Search for Meaning: What Is End-to-End Encryption?

Processors and payments hardware vendors are promoting the concept of end-to-end encryption, but there is no clear definition for the security format.

The point of sale terminal vendor VeriFone Holdings Inc. is offering the technology and Heartland Payment Systems Inc. is testing it now. The basic idea is to protect payment card data starting from the moment a card is swiped, but one key issue that remains unclear is where the information is decrypted.

The Payment Card Industry Security Standards Council, which administers the PCI Data Security Standard, is trying to settle the matter by coming up with a definition for end-to-end encryption, according to Troy Leach, the council's technical director.

The council has hired PricewaterhouseCoopers LLP to study the subject. PricewaterhouseCoopers is about halfway through the research and is expected to complete the project in early September.

So far, the one recurring theme in the research is that there are "slightly different interpretations of both the definition of what end-to-end encryption really should be as well as what it can accomplish," Leach said.

"We're drawing a line in the sand and saying this is how we are going to define end-to-end encryption, at least for this project."

The card networks say that end-to-end means card data is encrypted from the time a card is swiped until it is delivered to the networks or card issuers.

Heartland, of Princeton, N.J., has said it is following this definition.

However, three of the four major card networks — MasterCard Inc., American Express Co. and Discover Financial Services — do not yet accept encrypted data, so the information must be decrypted before they can process a transaction. Visa introduced an encryption application last year.

VeriFone's VeriShield Protect system encrypts data at the point of sale and delivers it to the transaction processor or merchant acquirer.

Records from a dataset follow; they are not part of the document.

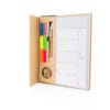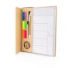 Set organizador con bloc de notas (23,8 × 12,6) que incluye 100 hojas con diseño semanal, ideal para organizar ordenadamente los apuntes de cada día. Contiene bolígrafo (14 × Ø 0,6 × 0,9), marcadores adhesivos de colores (4,4 × 1,2) y clips metálicos. Presentado en estuche de cartón rígido, práctico y funcional para el escritorio.
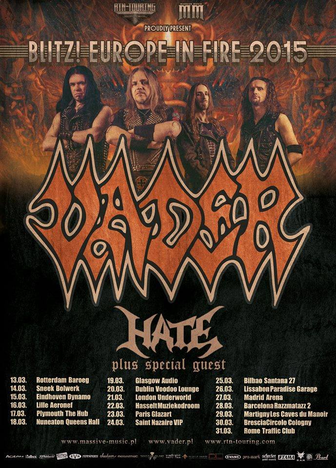 The death metal band, Vader, has announced their upcoming European tour, called the “Blitz! Europe In Fire 2015 Tour.” They will be touring in support of their latest album, Tibi Et Igni . Hate, plus a special guest that is to be announced, will be joining as support. You can check out dates, details, and poster, after the break.
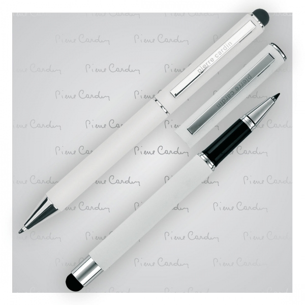 Luksusowy zestaw piśmienny składający się z długopisu i pióra kulkowego wykonanych z aluminium, z przyjemną w dotyku powierzchnią soft touch i srebrnymi detalami. Długopis wyposażony w niebieski wkład 0,7 mm, natomiast pióro w niemiecki wkład Schneider w kolorze niebieskim 0,5 mm. Obydwa elementy posiadają funkcję touch pen. Całość zapakowana w eleganckie etui prezentowe z certyfikatem autentycznośći Pierre Cardin.
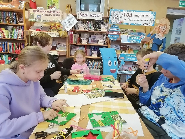 Затем с ребятами был проведён мастер-класс «Подарок папе» по изготовлению праздничных открыток ко Дню защитника Отечества. По окончании работы получились замечательные подарки для пап, дедушек и братьев, сделанные своими руками!
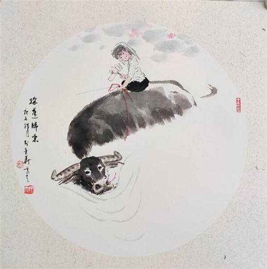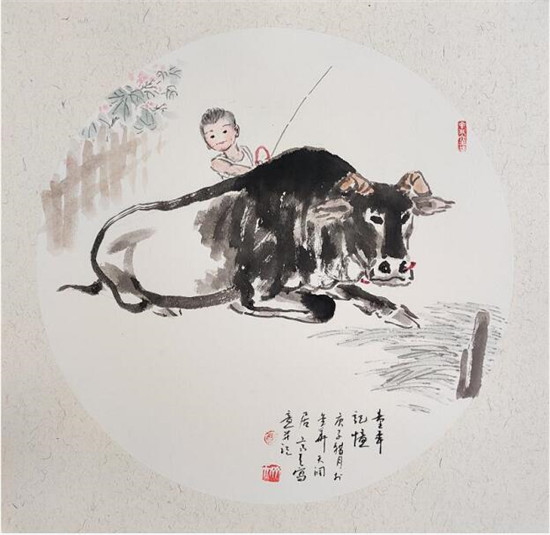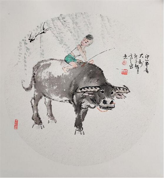 “荷蓑出林春雨细,芦管卧吹莎草绿。乱插蓬蒿箭满腰,不怕猛虎欺黄犊”。他的《迎牛年大利》,一剃“畚箕头”的小牧童手持竹鞭、牵牛绳,俯身骑在牛背上,背景是一片正在吐绿的柳树枝、两只翻飞的紫燕。牧童跨下之老水牛,正平视前方,一副悠然自得、稳步前行的样子。老牛之稳重、牧童之天真,相映成趣。
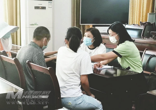 涪城區(qū)教體局工作人員正在為學(xué)生家長(zhǎng)講解“潤(rùn)禾”助學(xué)行動(dòng)相關(guān)政策
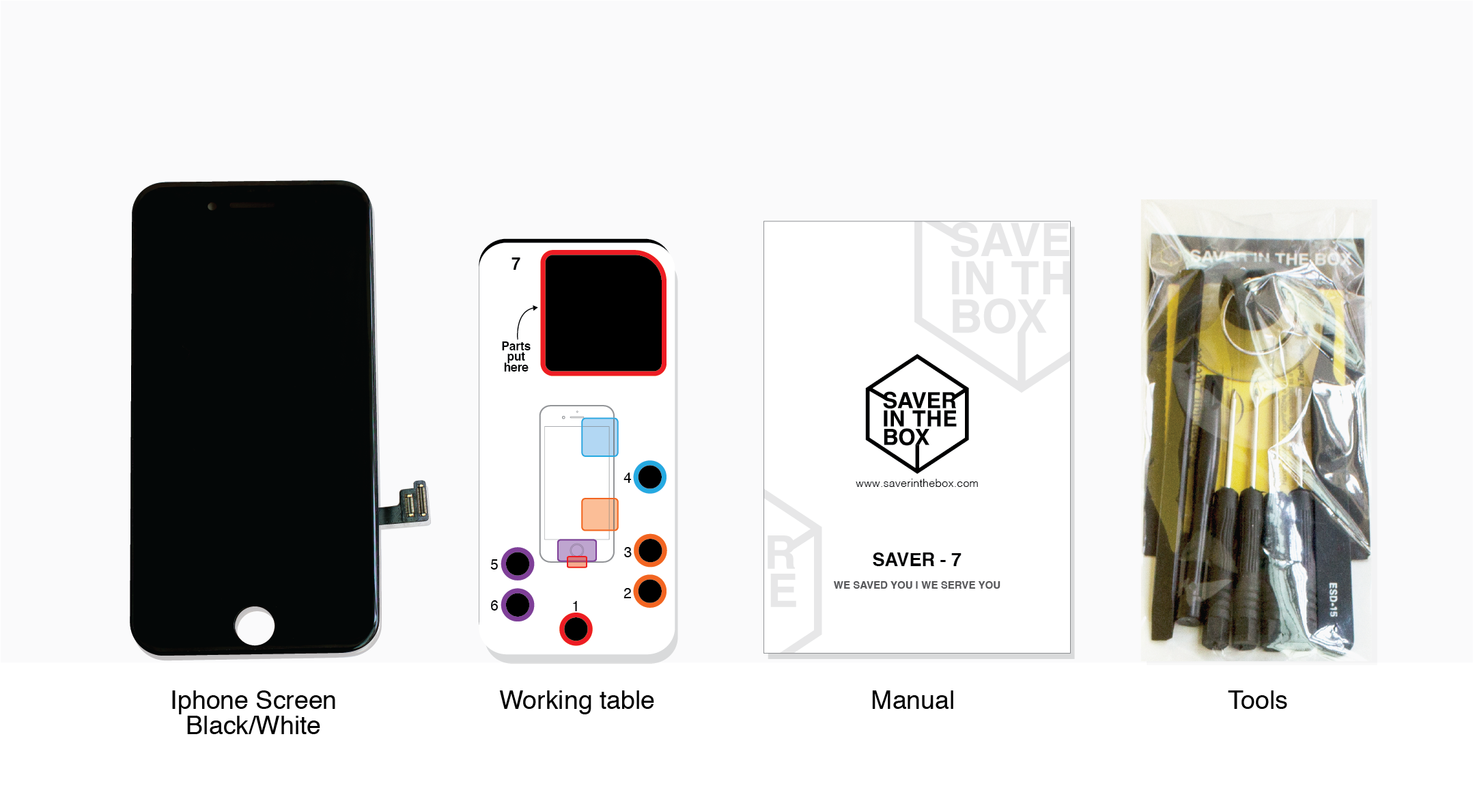 - 完整工具組合及維修說明 (*工具組保證非二手料品,但例如吸盤、螺絲外觀上可能會有存放痕跡,不影響使用)
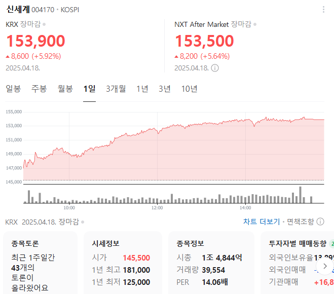 단기 포트폴리오를 구성할 시에는 시가 총액과 장중 거래량도 살펴봐야 합니다. 신세계의 시가 총액은 1조4844억 원이며 장중 거래량은 39,554원 을 기록했습니다. 대주주의 정보는 크게 중요하지 않지만 장기적으로는 확인해보는 것이 좋겠습니다.
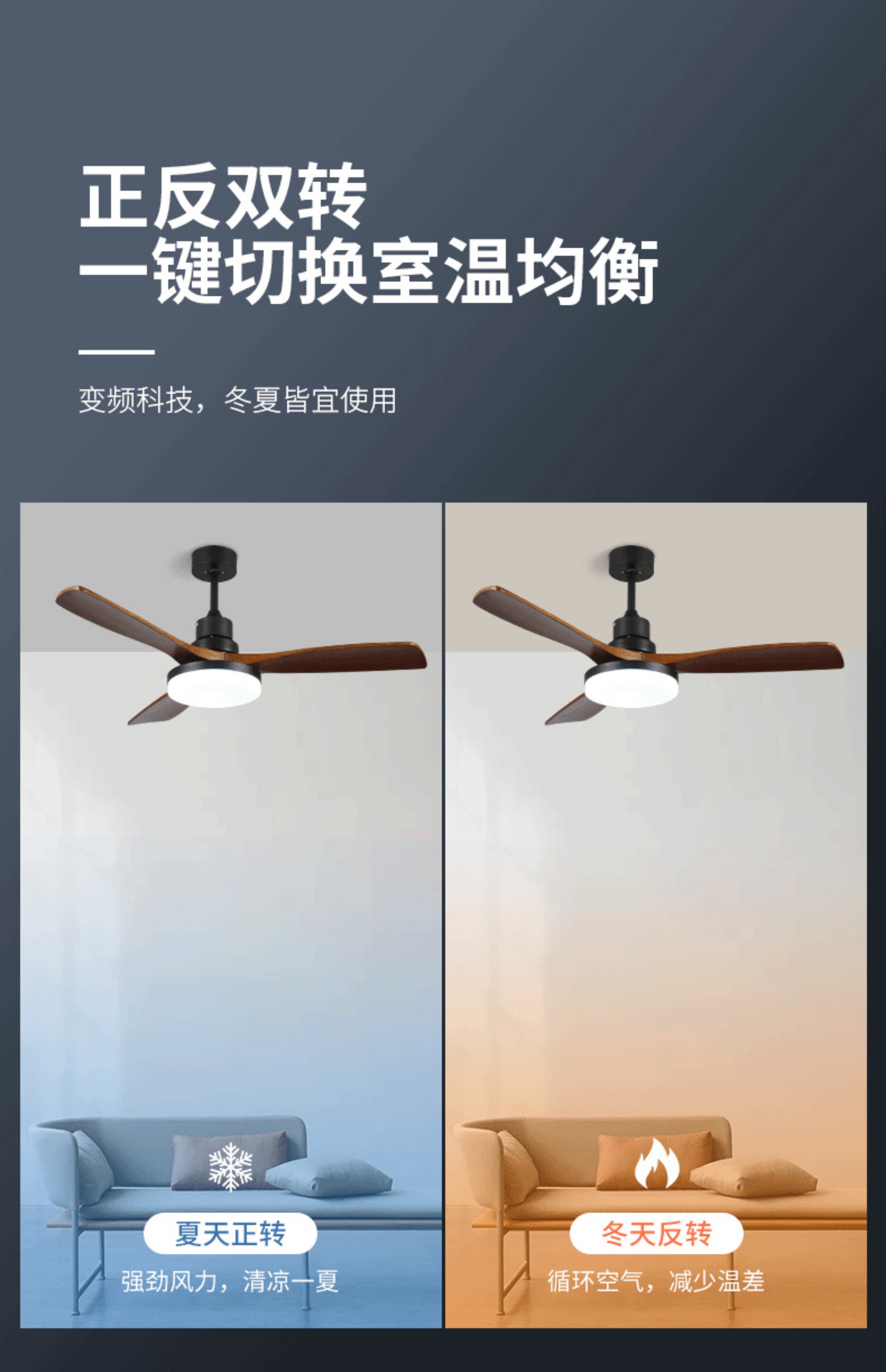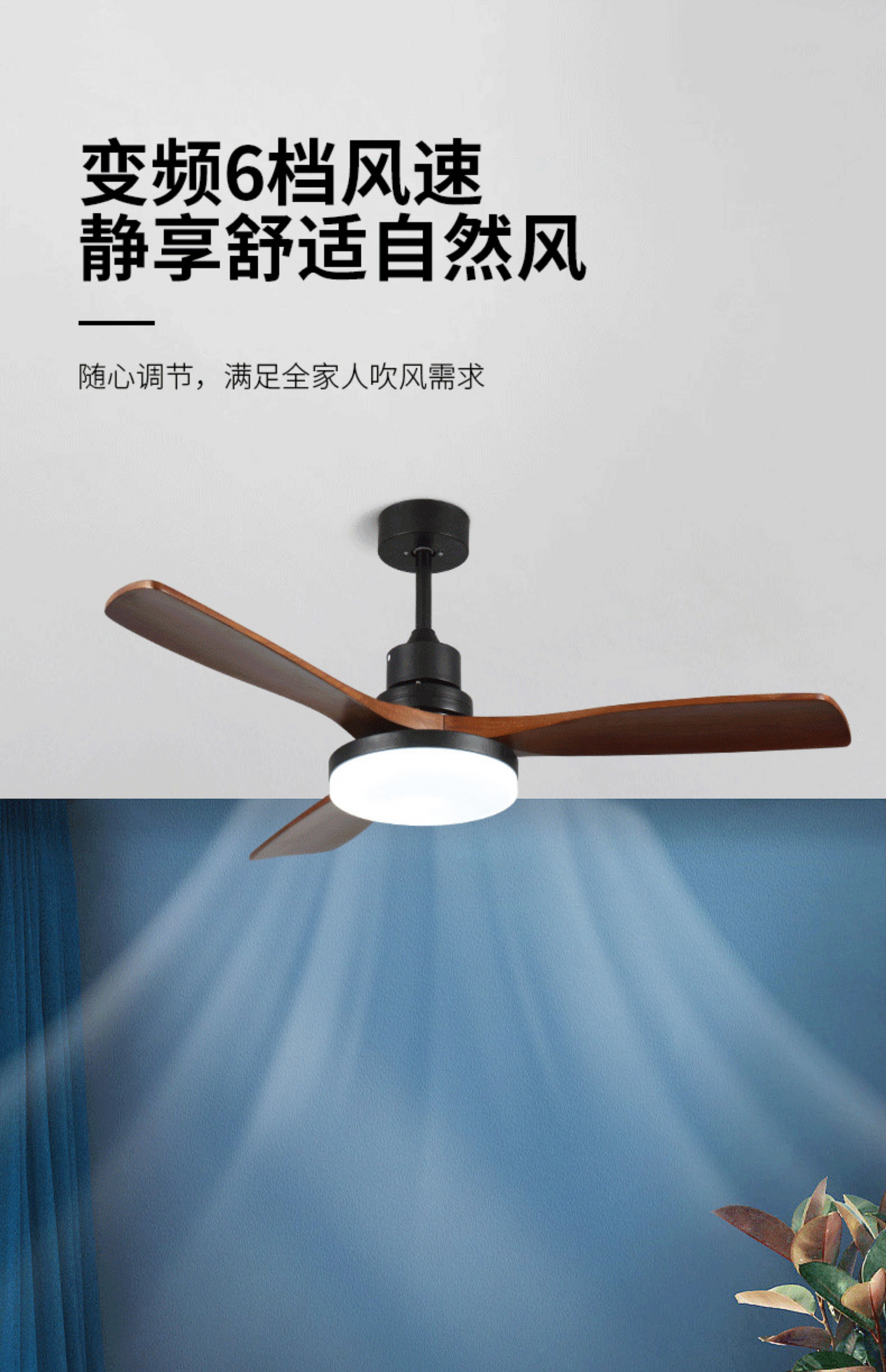 实木色复古餐厅风扇家用智能变频客厅电扇灯全光谱卧室一体吊扇灯

RBS WorldPay, Royal Bank of Scotland Group's Atlanta processing unit, said this week that it would offer VeriShield Protect to its merchant clients.

Leach said the council is unlikely to make a concrete decision about end-to-end encryption anytime soon.

"It's a security that has merit," he said. "But before it can become a requirement or standard, it needs to have maturity and market adoption to demonstrate that it has longevity."

VeriFone, of San Jose, said that will eventually happen.

"Retailers and merchants are all on board in what they are thinking about for compliance," said Jeff Wakefield, VeriFone's vice president of marketing. The industry "needs to find a way to keep it that way."

End-to-end encryption is a method for merchants to "process and secure credit and debit card transactions without [the merchants] needing to think about it."

Avivah Litan, a vice president and research director at Gartner Inc., agrees with the card networks' definition of end-to-end encryption. But since "the processors can't get the banks on board, they are doing the best they can."

Litan said the industry needs a single definition, to protect merchants that want to switch processors.

"Since there is no standard for doing this, so it can lock a merchant into a processor, and I'm not sure they want to get locked in."

Regardless of how end-to-end encryption is defined, helping merchants protect cardholder data is priority, Wakefield said.

"One of the things that we look at is how we can protect the retailer," he said. Payment card companies, merchant acquirers and transaction processors are "in the payments business and should be in the card security business. They should be better qualified than a merchant to protect data."